1. various sources, that are too large and


The term big data is used
to describe the growth and the availability of huge amount of structured and
unstructured data. Big data which are beyond the ability of commonly used
software tools to create, manage and process data within a suitable time. Big data
is important because the more data is collected more accurate result are there
and able to optimize business processes. The Big data is very important for
business and society purpose. The data came from everywhere like sensors that
used to gather climate information, available post or share data on the social
media sites, video movie audio etc. This collection of data is called ?BIG
DATA?. Big data is a general term for massive amount of digital data being
collected from various sources, that are too large and raw in form. Big data
deals with new challenges like complexity, security, risks to privacy. Big data
is redefining the data management from extraction, transformation and
processing to cleaning and reducing 7. There has been a lot of growth in the
amount of data generated by web these days.

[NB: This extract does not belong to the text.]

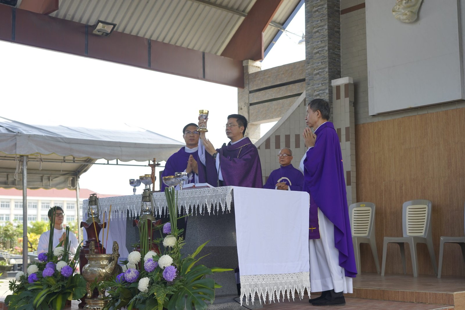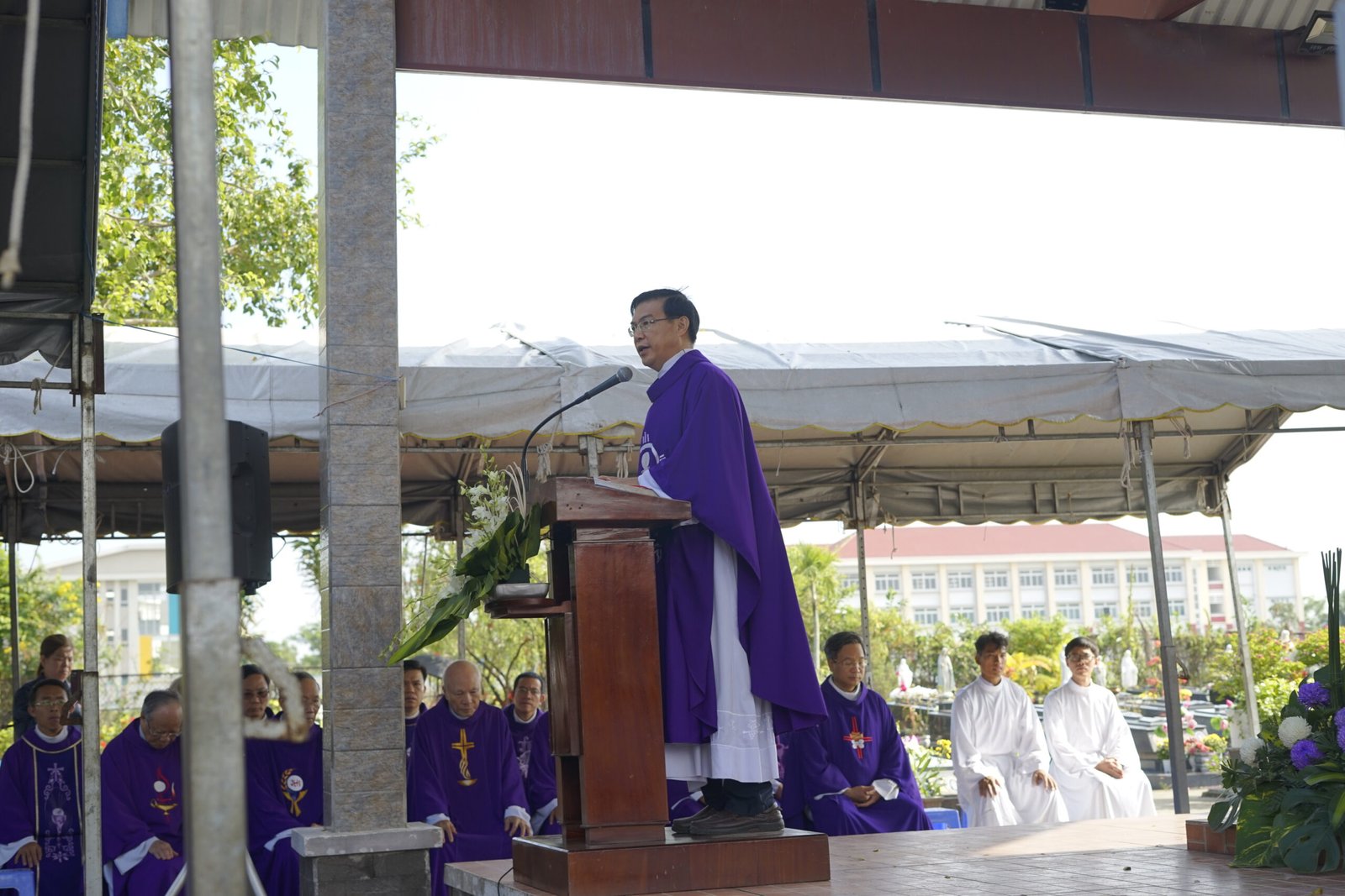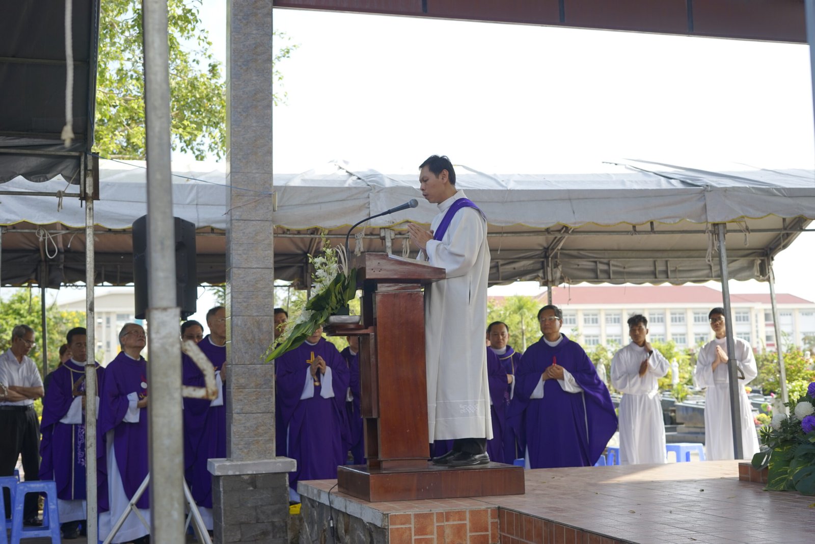 Thánh lễ bắt đầu lúc 08 giờ sáng, với sự chủ sự của Cha Giám Tỉnh Barnaba Lê An Phong. Trong bài giảng, Cha Phó Giám tỉnh Giuse Nguyễn Kim Khánh đã chia sẻ về ý nghĩa của thời gian và sự sống, nhấn mạnh rằng mỗi người đều phải đối mặt với ngày rời khỏi đời sống này. Cha cũng bày tỏ lòng biết ơn đối với những Salêdiêng đã qua đời, nhắc nhở về những dấu chân và hoa trái mà họ để lại.

The data has been so large that it
becomes difficult to analyze it with the help of our traditional mining
methods. Big data term has been coined for data that exceeds the processing
capability 6.

We Will Write a Custom Essay Specifically
For You For Only $13.90/page!

order now

2.      Big Data Characteristics and challenges

Huge volume of data:
Rather than thousands or millions of rows, Big Data can be billions of rows and
millions of columns the size of data is now larger than terabytes and
petabytes. This large scale makes it difficult to analyze using conventional

of data types and structures Big Data reflects the variety of new data sources,
and structures, including digital traces being left on the web and other
digital repositories for subsequent analysis: – big data comes from various· sources. It is designed to
handle structured, semi-structured as well as unstructured data. Whereas the
traditional methods were designed to handle structured data and that too not of
such large volume.

of new data creation and growth: Big Data can describe high velocity data, with
rapid data
ingestion and near real time analysis big data should be used to mine large
amount of data within a pre-defined period of time. The traditional methods of
mining may take huge time to mine such a volume of data. 

Variability: – Variability
describes the amount of variance used in summaries kept within the data bank
and refers how they are closely clustered or spread out within the data set.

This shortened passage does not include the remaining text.